- **WHAT YOU WILL DO**
For the entries that follow, retype exactly the lines from the one containing "Chongqing Department Store: The" to the one containing "Figure 7 shows", inclusive, and only those. Images stay out of the copy.

- **GIVEN ENTRIES**

########

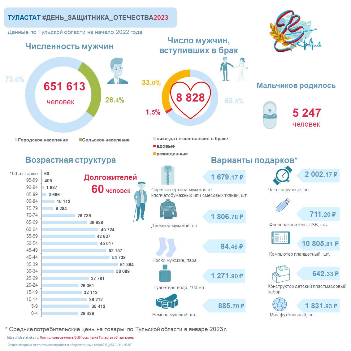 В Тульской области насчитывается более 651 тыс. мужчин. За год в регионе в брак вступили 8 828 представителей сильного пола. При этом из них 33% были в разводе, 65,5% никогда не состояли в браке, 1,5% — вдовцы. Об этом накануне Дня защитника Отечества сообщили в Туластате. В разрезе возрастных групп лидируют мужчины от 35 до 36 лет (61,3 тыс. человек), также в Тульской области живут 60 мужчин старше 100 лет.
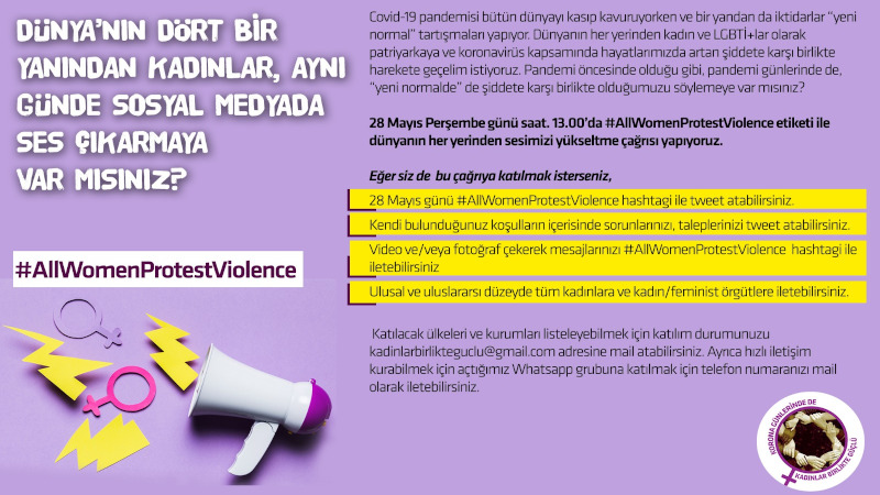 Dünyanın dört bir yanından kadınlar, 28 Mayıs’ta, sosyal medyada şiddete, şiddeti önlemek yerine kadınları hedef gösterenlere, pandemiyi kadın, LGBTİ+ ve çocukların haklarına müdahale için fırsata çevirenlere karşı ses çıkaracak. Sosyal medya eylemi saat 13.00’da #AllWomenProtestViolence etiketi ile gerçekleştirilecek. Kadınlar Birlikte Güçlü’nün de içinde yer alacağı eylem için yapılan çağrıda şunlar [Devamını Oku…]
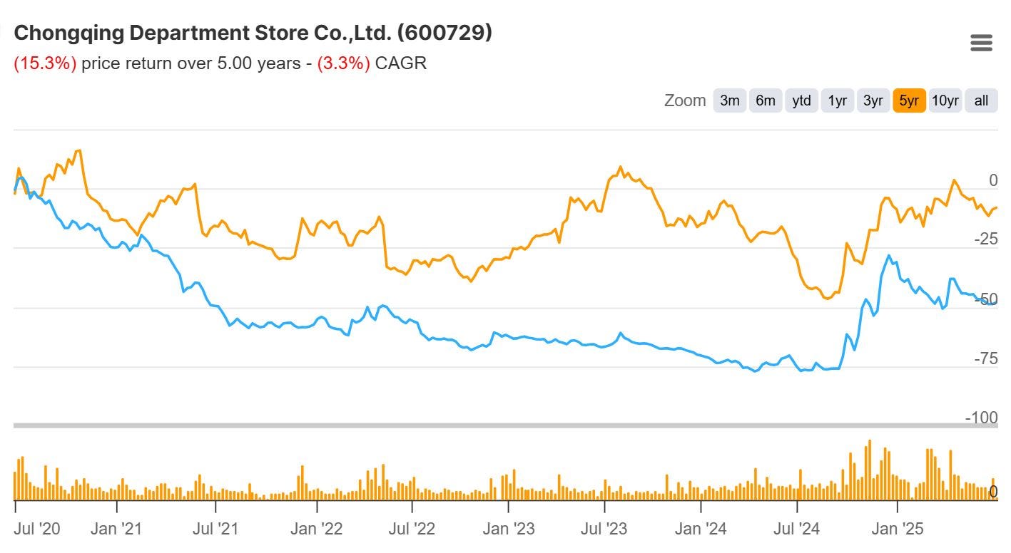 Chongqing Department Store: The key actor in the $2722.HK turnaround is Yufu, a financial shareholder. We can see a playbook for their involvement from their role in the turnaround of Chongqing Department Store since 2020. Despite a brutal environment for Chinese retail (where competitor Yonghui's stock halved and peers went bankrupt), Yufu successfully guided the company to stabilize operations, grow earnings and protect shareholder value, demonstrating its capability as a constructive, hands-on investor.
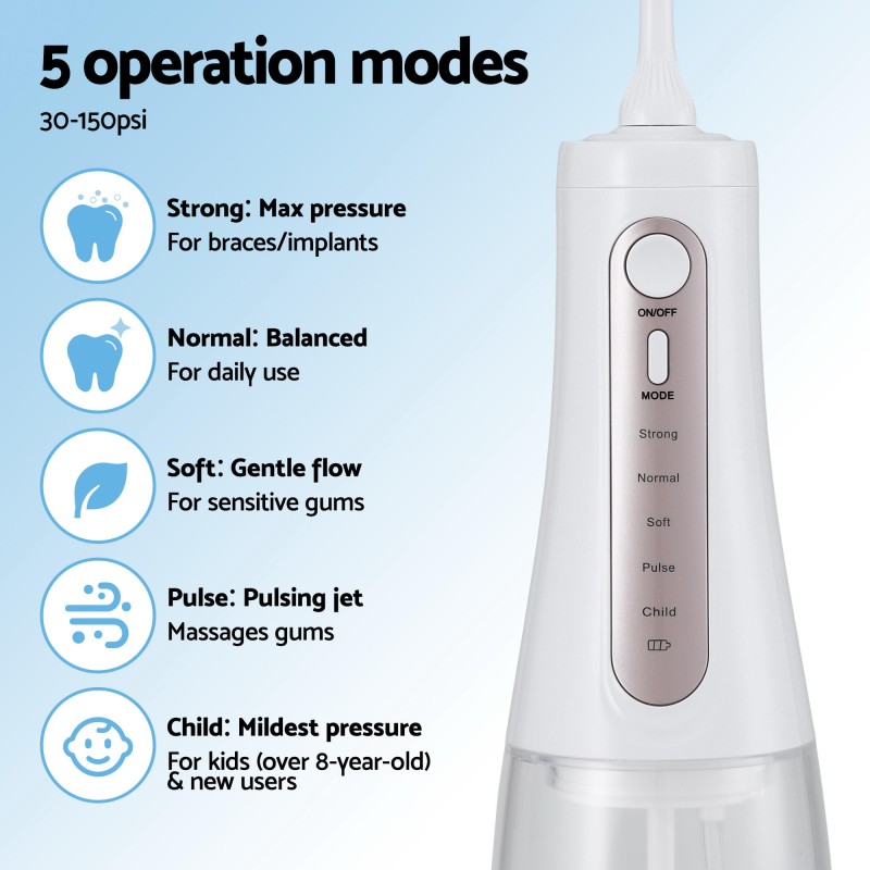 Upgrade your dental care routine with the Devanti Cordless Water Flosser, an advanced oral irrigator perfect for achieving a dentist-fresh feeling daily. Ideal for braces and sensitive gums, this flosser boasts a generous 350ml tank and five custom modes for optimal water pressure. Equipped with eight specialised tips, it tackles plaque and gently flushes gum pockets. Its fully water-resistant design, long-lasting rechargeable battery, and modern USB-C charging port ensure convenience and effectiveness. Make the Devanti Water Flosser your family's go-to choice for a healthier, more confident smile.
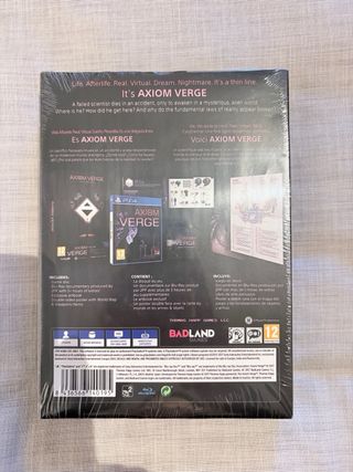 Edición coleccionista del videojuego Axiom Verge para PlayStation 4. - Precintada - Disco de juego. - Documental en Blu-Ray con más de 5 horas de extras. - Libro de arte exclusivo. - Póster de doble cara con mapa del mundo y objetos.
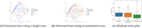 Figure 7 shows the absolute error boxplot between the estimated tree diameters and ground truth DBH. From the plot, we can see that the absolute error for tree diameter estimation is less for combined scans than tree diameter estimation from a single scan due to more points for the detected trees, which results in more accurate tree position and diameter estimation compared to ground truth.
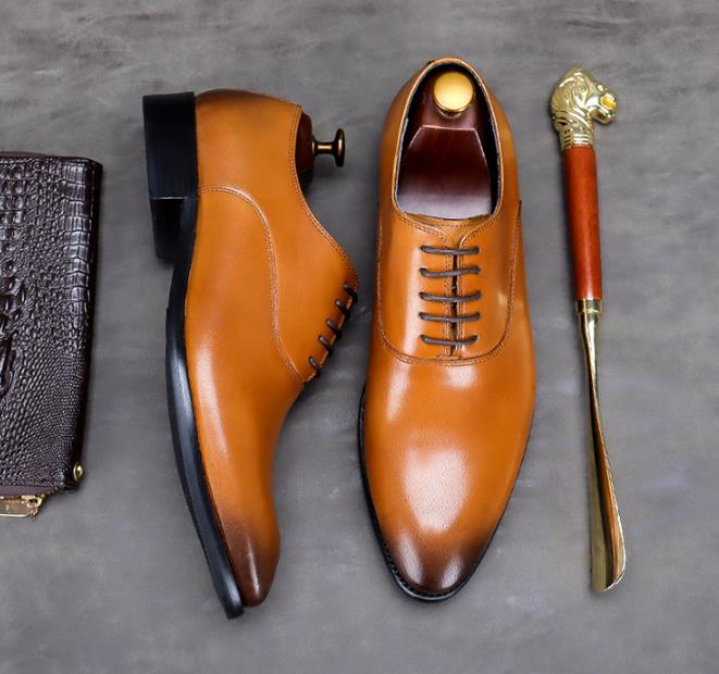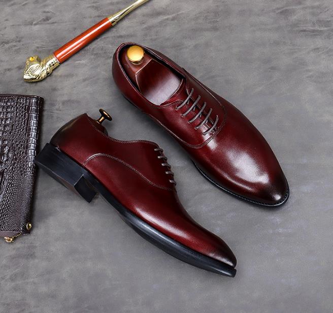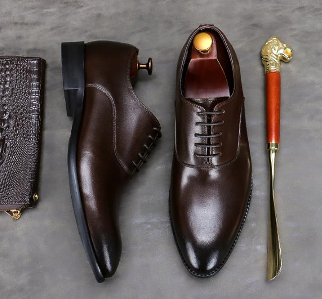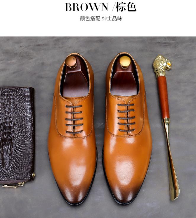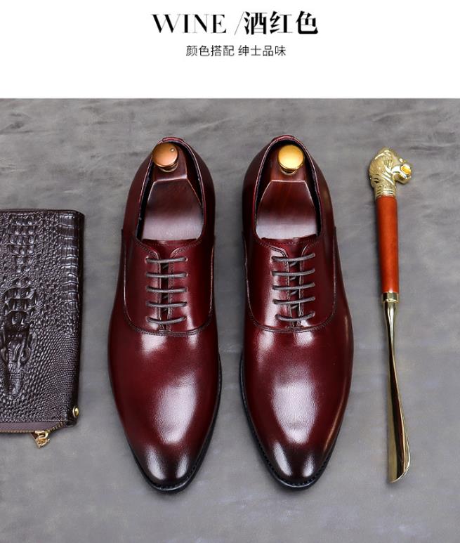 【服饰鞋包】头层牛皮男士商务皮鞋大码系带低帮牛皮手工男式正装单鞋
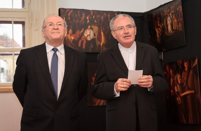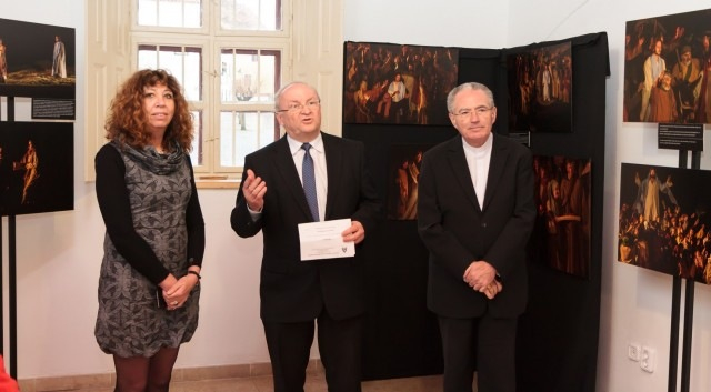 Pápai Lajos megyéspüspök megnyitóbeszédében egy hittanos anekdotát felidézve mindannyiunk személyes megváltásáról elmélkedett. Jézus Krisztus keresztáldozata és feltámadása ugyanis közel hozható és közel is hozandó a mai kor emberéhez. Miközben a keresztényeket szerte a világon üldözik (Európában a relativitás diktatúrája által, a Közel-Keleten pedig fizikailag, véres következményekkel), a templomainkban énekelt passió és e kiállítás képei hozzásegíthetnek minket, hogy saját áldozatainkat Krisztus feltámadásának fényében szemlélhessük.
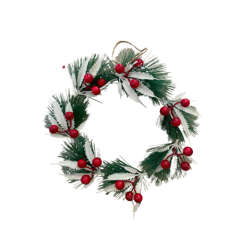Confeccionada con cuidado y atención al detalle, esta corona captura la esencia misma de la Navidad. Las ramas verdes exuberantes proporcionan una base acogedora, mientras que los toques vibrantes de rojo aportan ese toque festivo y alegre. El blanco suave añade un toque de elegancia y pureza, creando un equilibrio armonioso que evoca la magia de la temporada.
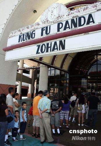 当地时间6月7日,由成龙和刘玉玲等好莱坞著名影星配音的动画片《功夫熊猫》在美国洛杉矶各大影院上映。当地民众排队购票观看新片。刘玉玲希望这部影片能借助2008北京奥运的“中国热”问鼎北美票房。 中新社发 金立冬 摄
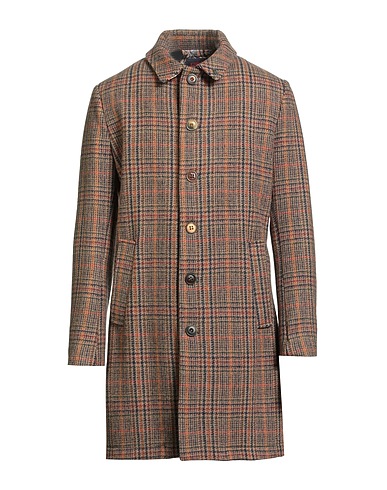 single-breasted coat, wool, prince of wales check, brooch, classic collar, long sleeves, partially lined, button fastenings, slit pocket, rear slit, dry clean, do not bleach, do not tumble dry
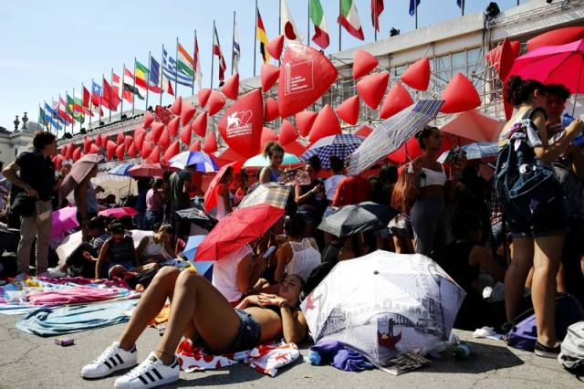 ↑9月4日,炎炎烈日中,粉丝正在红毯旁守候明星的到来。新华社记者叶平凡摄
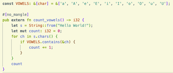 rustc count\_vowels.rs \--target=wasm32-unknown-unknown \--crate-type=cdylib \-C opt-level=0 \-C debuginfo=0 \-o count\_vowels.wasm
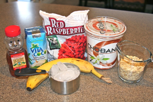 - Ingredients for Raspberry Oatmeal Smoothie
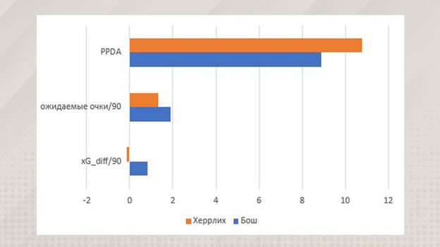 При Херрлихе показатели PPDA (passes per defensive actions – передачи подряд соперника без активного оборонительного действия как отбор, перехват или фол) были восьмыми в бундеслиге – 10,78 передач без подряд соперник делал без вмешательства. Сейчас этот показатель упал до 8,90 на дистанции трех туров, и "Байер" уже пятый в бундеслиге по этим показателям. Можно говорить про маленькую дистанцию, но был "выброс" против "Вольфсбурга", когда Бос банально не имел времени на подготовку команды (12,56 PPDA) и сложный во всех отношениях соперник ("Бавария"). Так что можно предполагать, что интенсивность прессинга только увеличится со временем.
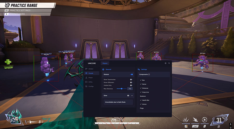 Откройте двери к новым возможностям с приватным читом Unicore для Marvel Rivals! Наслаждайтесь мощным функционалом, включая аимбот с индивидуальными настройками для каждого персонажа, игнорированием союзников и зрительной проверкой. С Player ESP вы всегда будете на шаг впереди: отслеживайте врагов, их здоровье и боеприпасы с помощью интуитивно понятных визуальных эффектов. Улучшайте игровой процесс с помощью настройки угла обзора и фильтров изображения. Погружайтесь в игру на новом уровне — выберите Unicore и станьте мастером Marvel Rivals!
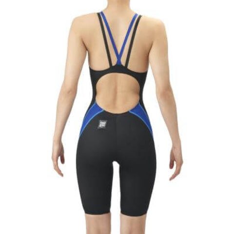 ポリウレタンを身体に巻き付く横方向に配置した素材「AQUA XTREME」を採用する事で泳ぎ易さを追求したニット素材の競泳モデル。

########

- **EXERCISE SOLUTION**
 Chongqing Department Store: The key actor in the $2722.HK turnaround is Yufu, a financial shareholder. We can see a playbook for their involvement from their role in the turnaround of Chongqing Department Store since 2020. Despite a brutal environment for Chinese retail (where competitor Yonghui's stock halved and peers went bankrupt), Yufu successfully guided the company to stabilize operations, grow earnings and protect shareholder value, demonstrating its capability as a constructive, hands-on investor.
 Upgrade your dental care routine with the Devanti Cordless Water Flosser, an advanced oral irrigator perfect for achieving a dentist-fresh feeling daily. Ideal for braces and sensitive gums, this flosser boasts a generous 350ml tank and five custom modes for optimal water pressure. Equipped with eight specialised tips, it tackles plaque and gently flushes gum pockets. Its fully water-resistant design, long-lasting rechargeable battery, and modern USB-C charging port ensure convenience and effectiveness. Make the Devanti Water Flosser your family's go-to choice for a healthier, more confident smile.
 Edición coleccionista del videojuego Axiom Verge para PlayStation 4. - Precintada - Disco de juego. - Documental en Blu-Ray con más de 5 horas de extras. - Libro de arte exclusivo. - Póster de doble cara con mapa del mundo y objetos.
 Figure 7 shows the absolute error boxplot between the estimated tree diameters and ground truth DBH. From the plot, we can see that the absolute error for tree diameter estimation is less for combined scans than tree diameter estimation from a single scan due to more points for the detected trees, which results in more accurate tree position and diameter estimation compared to ground truth.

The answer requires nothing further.